Ingebritsen has been associate dean for the past two years, during which she has been involved in such projects as developing learning goals across the campus and preparing the accreditation report; putting together the Office of Undergraduate Education’s diversity appraisal report for Rusty Barcelo, vice president for minority affairs; and serving as the point person for teaching academy programs.


Recruited to the Office of Undergraduate Education by Bridges, Ingebritsen said she took the associate dean position partly because she “cares deeply” about teaching. “So this seemed like a good fit with my passions, and I also really came to work for George, because I respect him very much in recognizing excellence in teaching, and in reaching out to faculty and supporting them.”


Ingebritsen came to the UW in 1992 fresh out of graduate school at Cornell, attracted by the University’s strengths in international studies, Scandinavian studies and political science. She is a political scientist whose expertise is in Scandinavian foreign policy.


So it’s not surprising that one of the things Ingebritsen would like to do in her role as acting dean is to focus on global learning opportunities. “I would like to make faculty members more aware of the opportunities for them to take students to international sites, to places where they are doing research and to build out our undergraduate research program to include international research opportunities that are modeled after the Friday Harbor lab experience,” she said.


A second item on Ingebritsen’s agenda for undergraduate education is a program similar to one she experienced as an undergraduate at a small liberal arts school — a pre-orientation outing.


“Students who are new to the University will be invited to go, for example, on a bike trip with a staff or faculty member, to get to know the city,” Ingebritsen explained. “It helps to make the institution feel smaller; it helps students to understand the place even before they take their first class and to connect with other students.”


The program will be piloted in the fall during Dawg Daze, with Stan Chernicoff, assistant dean for academic support in the undergraduate education office, in charge.


Ingebritsen said the undergraduate education office will also be looking at two recent reports as it plots its future. One is an external review of advising across the campus. “That’s something our new president is concerned about,” she said, “that we be better coordinated, that we have more contact points with students, that we emulate peer institutions who are doing this differently than we are.”


The second is a program review of the honors program. Ingebritsen said the office would like to find a way to grow the program and to better involve faculty across the campus.


The office is also participating in an Undergraduate Education Working Group along with representatives from Student Affairs. With the impending retirement of Ernest Morris, vice president for student affairs, and the expected arrival of a new provost soon, the time is right to conduct “an open discussion of what we can do to better serve our students and faculty,” Ingebritsen said.


She said the search for a new dean of undergraduate education won’t get under way until next January, and she won’t know until then whether she wants to be a candidate.
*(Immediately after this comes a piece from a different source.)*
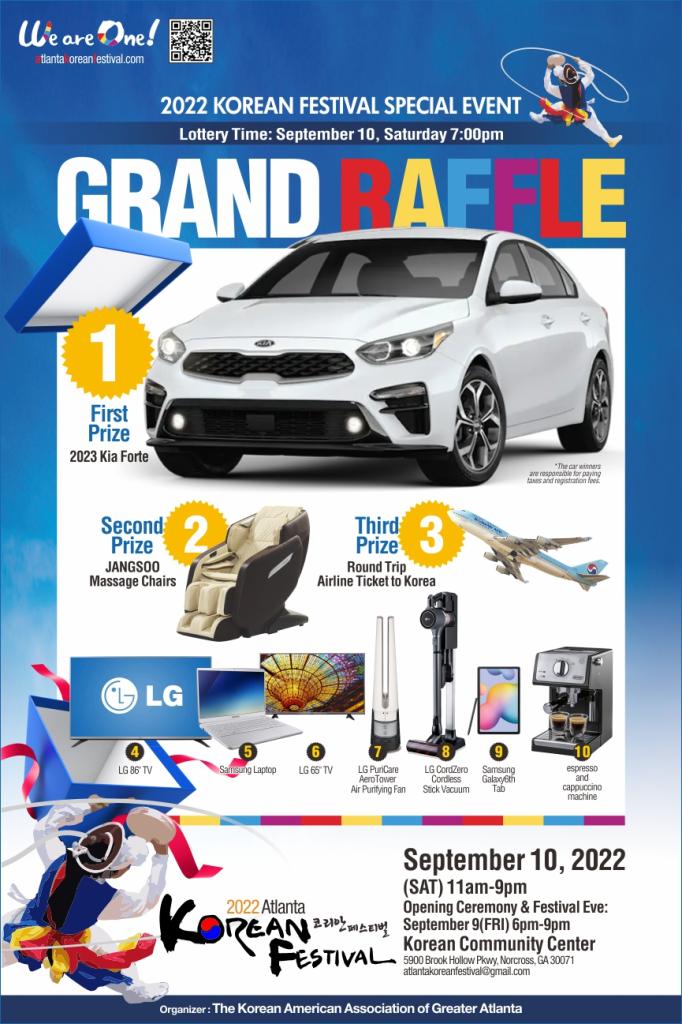 2022 코리안페스티벌 준비위원회가 오는 9월 9일-10일 노크로스 애틀랜타 한인회관에서 열리는 올해 페스티벌 참가자들에게 푸짐한 경품을 내걸고 참가를 독려하고 있다.

But in the meantime, she’s looking forward to the job.


“I’m excited to have the opportunity to play this role, particularly at this moment, with an incoming provost,” Ingebritsen said. “We have a president who cares about the undergraduate learning experience, and he’s communicated that to us. So I think this is an opportunity to redirect our energies, continue our strengths and serve our undergraduates in important ways. We’re not just keeping the lights on.”